I actually purchased the bottle (6 oz) from a pharmacist. In my growing up years, I had purchased some in this way because it is a constituent of gunpowder(The Statute of Limitations has passed on that one).

The bottle is actually marked 'For Technical Use Only' and is a McKesson product. It may or may not be Reagent Grade but it certainly is pure enough for human consumption (It hasn't killed me yet!). We used to use 97% alcohol (Not denatured) for cleaning purposes in labs and along the way some eventually made its way into the food chain. It's just a matter of what your technical background is.
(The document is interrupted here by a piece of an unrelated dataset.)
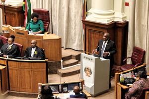 (251015) -- CIUDAD DEL CABO, 15 octubre, 2025 (Xinhua) -- Imagen del 14 de octubre de 2025 del presidente de Sudáfrica, Cyril Ramaphosa, hablando mientras responde a preguntas en el Consejo Nacional de Provincias, en el Parlamento, en Ciudad del Cabo, Sudáfrica. Ramaphosa dijo el martes que aunque el reciente acuerdo de paz para Gaza es bienvenido, esto no afecta el caso del país en contra de Israel en la Corte Internacional de Justicia. (Xinhua/Shakirah Thebus) (jg) (da) (ce)
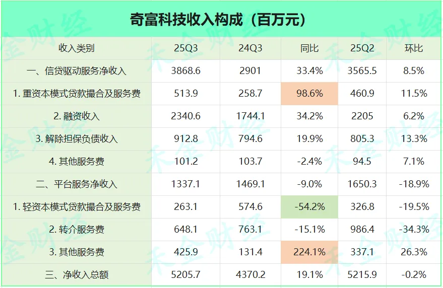 奇富科技最明显的变化轻重资本业务收入变化——重资本撮合业务同比增加98.6%,轻资本撮合业务减少54.2%;另外其他服务费增加224.1%。

Before pharmacies became little more than sellers of notions and magazines, Pharmacies and pharmacists were sources of chemicals. Just try to purchase any type of chemical these days. I needed some silver nitrite recently. I finally found a supplier for 30 grams and the Hazardous Shipping costs were double the product cost!

Many sources of recipes and methods for curing, use sodium nitrate for color preservation but it also has been shown to supress lethal organisms.

-Dick

First time I heard that Sodium Nitrate is also called saltpeter. Down on the farm, saltpeter was always potassium nitrate. What you have in your bottle is Technical Grade. If it was Reagent grade the label would say so. Doubt very much you'd ever get reagent grade in a pharmacy no matter what the year.

I never heard of blackpowder containing sodium nitrate but it was always potassium nitrate.

However, if I'm to believe wikipedia, it says that less frequently sodium nitrate is used in gunpowder instead of potassium nitrate.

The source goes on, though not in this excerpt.